Située au centre du pays, à 2 400 mètres d’altitude, la ville

reflète ce mélange de paysages. Patchwork de toutes les

ethnies, Addis-Abeba est un agglomérat de quartiers ou

“villages” qui peuvent presque se reconnaître à l’odeur de leur

cuisine. Ils ont en commun l’injera (une sorte de grande crêpe

élaborée à partir de farine de teff), le berberi (piment rouge très

puissant) et le shuro (purée de pois cassés) qui constituent la

base des repas quotidiens. Dans les quartiers Gouragué ou

Sidamo, les senteurs aigres du kotcho (pulpe fermentée de

bananier), mêlées à celles du beurre rance, imprègnent

jusqu’aux vêtements des passants.

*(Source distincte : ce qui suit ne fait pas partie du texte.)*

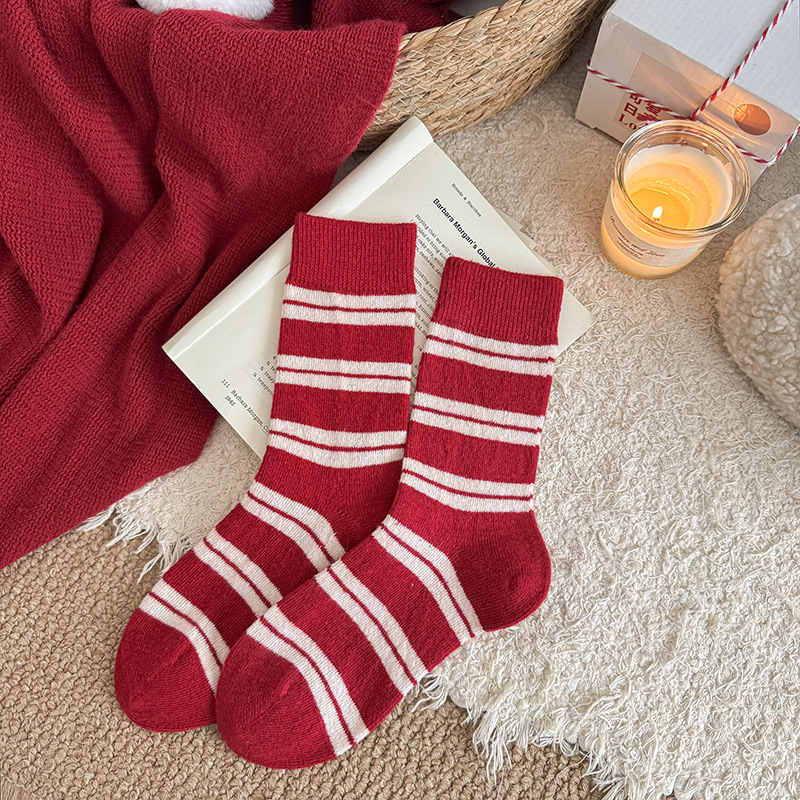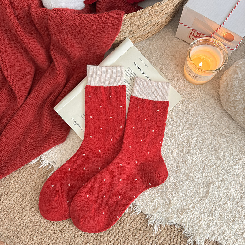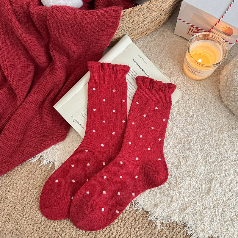 本命年红色袜子女甜美蝴蝶结花边中筒袜日系波点条纹加厚羊毛袜子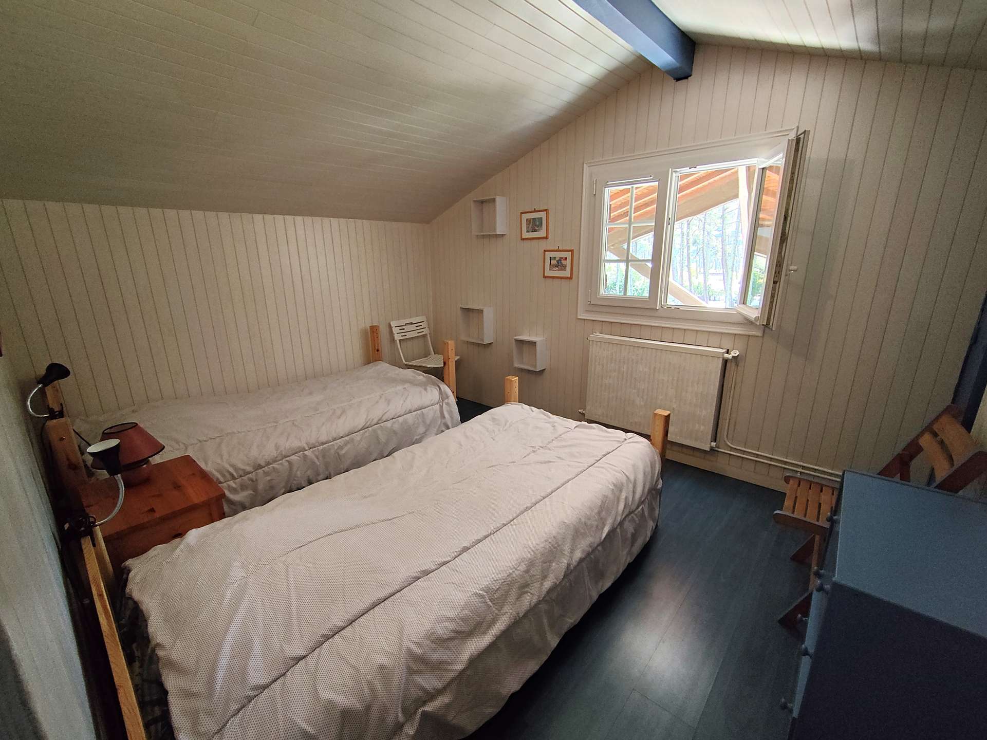 A l’étage, elle dispose de 2 chambres mansardées, l’une avec 2 lits en 90 modulables en 180 et la dernière avec 2 lits en 90.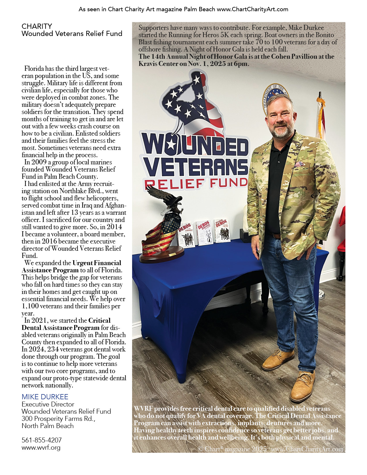 Mike Durkee became the executive director of North Palm Beach-based Wounded Veterans Relief Fund in 2016. Under his leadership they did a statewide expansion of the Urgent Financial Assistance Program to bridge the gap for veterans in need for housing, transportation and other essential financial needs. In 2021, they launched the Critical Dental Assistance Program for disabled veterans in Palm Beach County then expanded to all of Florida. Their goal is to continue to help more veterans with their two core programs, and to expand the dental network nationally.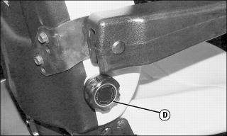 3. Slide rails with seat and suspension forward one inch to align with forward set of mounting holes (D).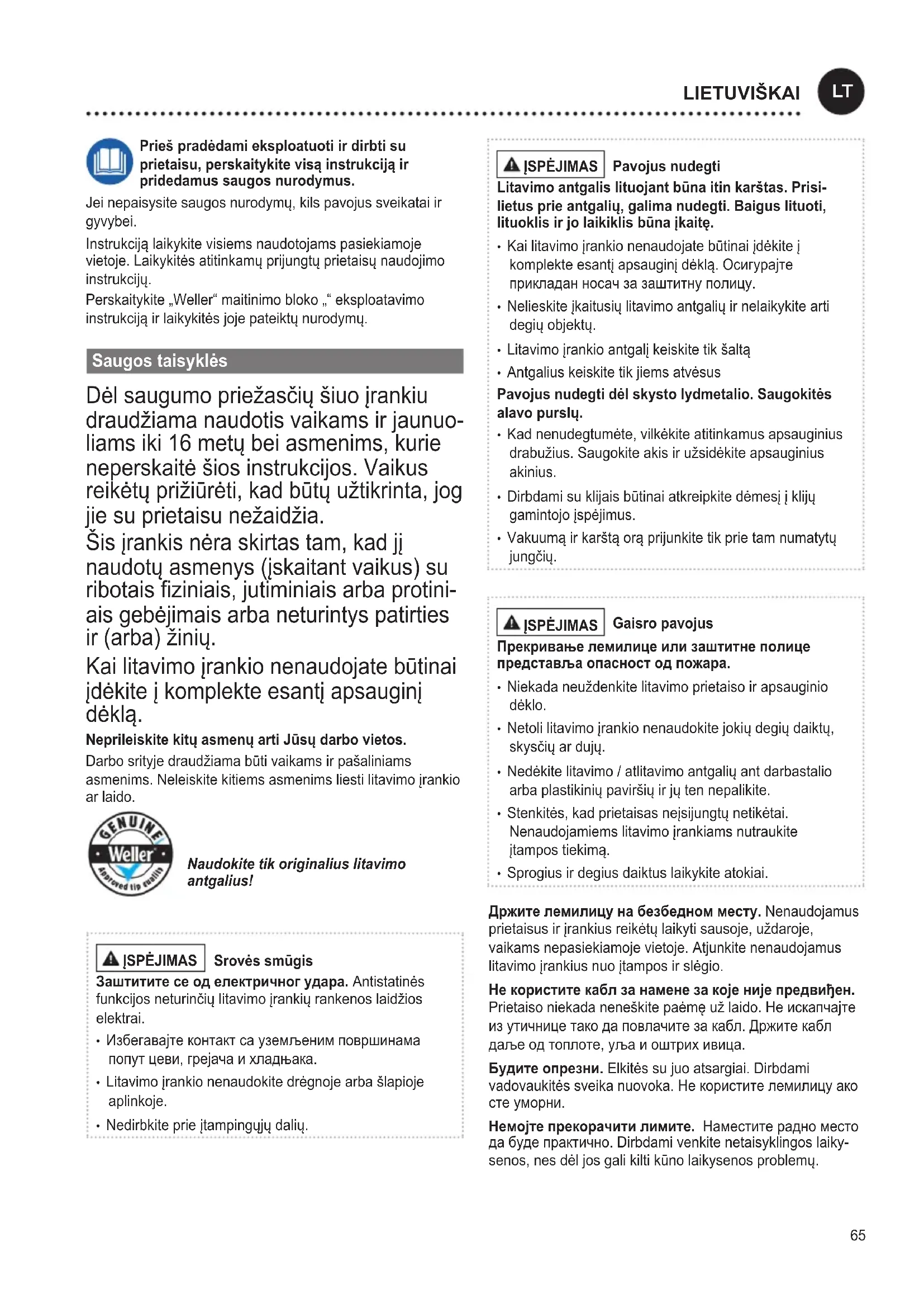 LATVISKI65 Prieš pradėdami eksploatuoti ir dirbti su prietaisu, perskaitykite visą instrukciją ir pridedamus saugos nurodymus. Jei nepaisysite saugos nurodymų, kils pavojus sveikatai ir gyvybei. Instrukcij laikykite visiems naudotojams pasiekiamoje vietoje. Laikykitės atitinkamų prijungtų prietaisų naudojimo instrukcijų. Perskaitykite „Weller“ maitinimo bloko „“ eksploatavimo instrukcij ir laikykitės joje pateiktų nurodymų. Saugos taisyklės Dėl saugumo priežasčių šiuo įrankiu draudžiama naudotis vaikams ir jaunuo- liams iki 16 metų bei asmenims, kurie neperskaitė šios instrukcijos. Vaikus reikėtų prižiūrėti, kad būtų užtikrinta, jog jie su prietaisu nežaidžia. Šis įrankis nėra skirtas tam, kad jį naudotų asmenys (įskaitant vaikus) su ribotais ziniais, jutiminiais arba protini
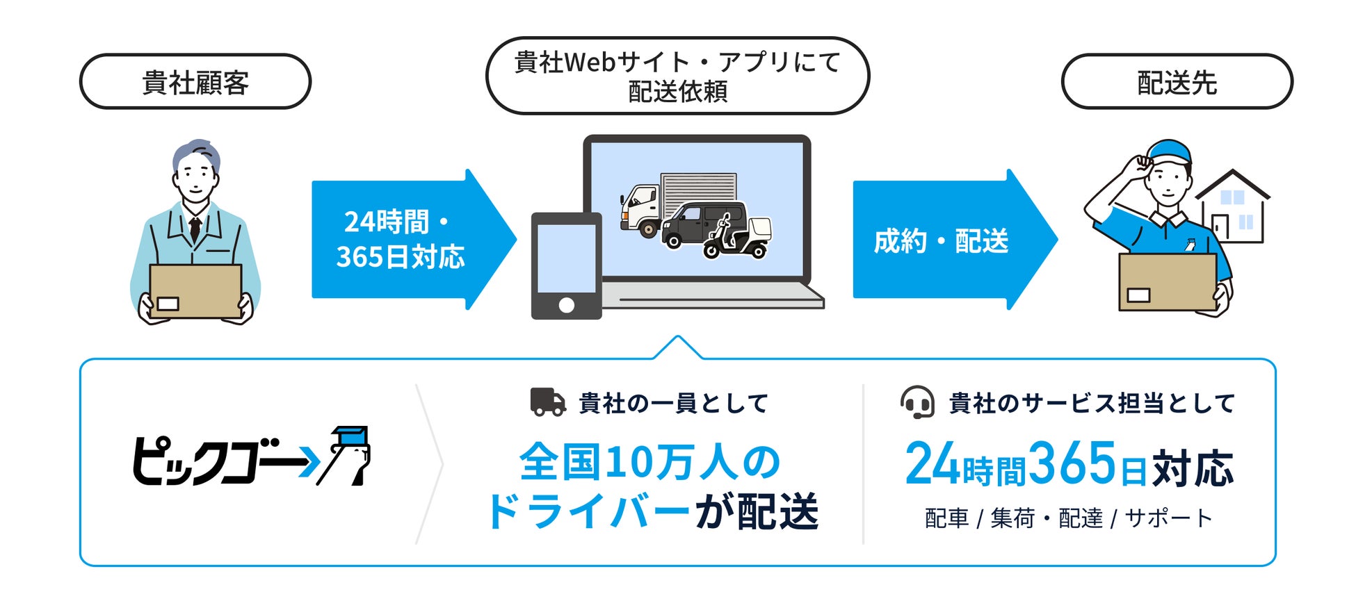 導入企業は、物流システムや専門のサポート部門をゼロから立ち上げる手間やコストを大幅に削減し、独自の配送サービスを迅速に開始できます。これにより、企業は本来のコア業務にリソースを集中させ、事業領域の拡大に注力することが可能になります。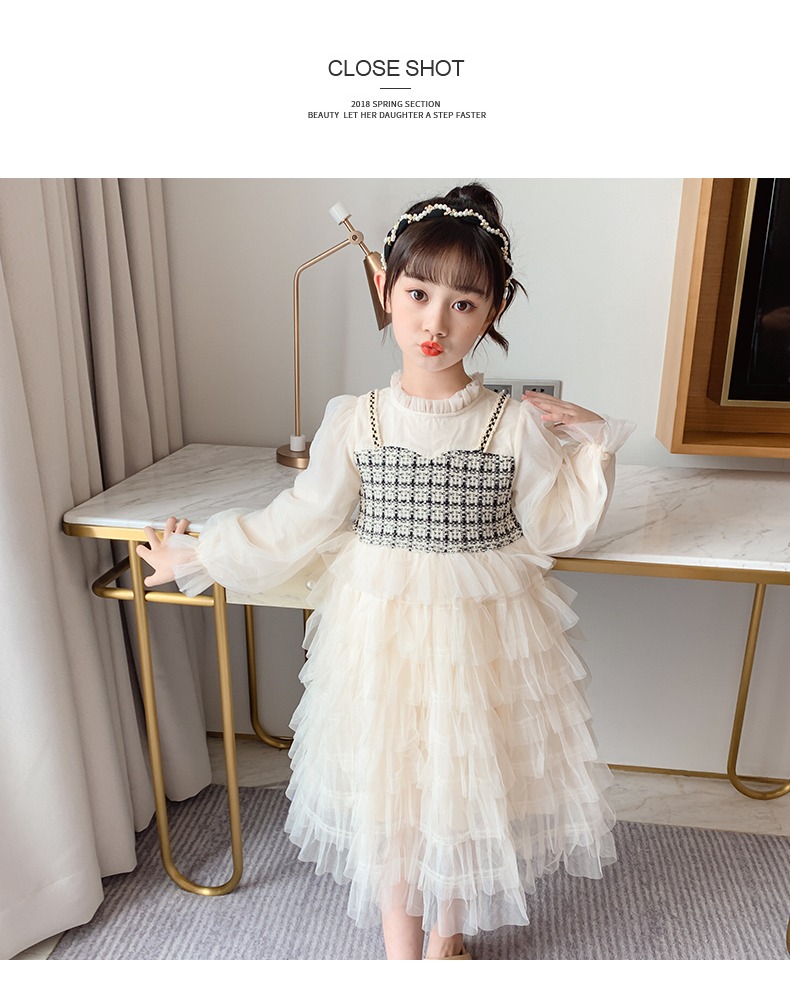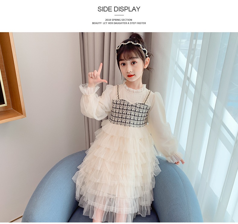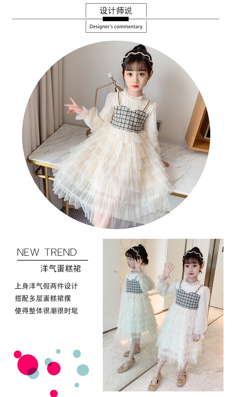 女童春装连衣裙2021新款洋气中大儿童装女孩春秋长袖蛋糕公主裙子

Le soir, les fumées

d’eucalyptus s’échappent des cuisines et se

joignent à l’odeur piquante des sauces épicées.

Dans tous les débits de boisson de la capitale,

les bounabet (maison du café), tedjbet (maison

de l’hydromel), tchaïbet (maison de thé)

et arekebet (maison de l’areke), les effluves sont masqués au

petit matin par les fumées de l’encens et de la myrrhe qui

envahissent les locaux.

Ces activités de service, de transport, de transformation et de

commerce font vivre des milliers de personnes, des portefaix

aux gros négociants, des petites employées de maison aux

camionneurs. Au centre d’une toile vibrante d’échanges et

de richesses, Addis-Abeba alimente ainsi elle-même sa propre

activité, comme si le reste du monde n’avait jamais existé,

comme si la mondialisation des cultures alimentaires ne devait

jamais atteindre les frontières de l’ancien empire abyssin.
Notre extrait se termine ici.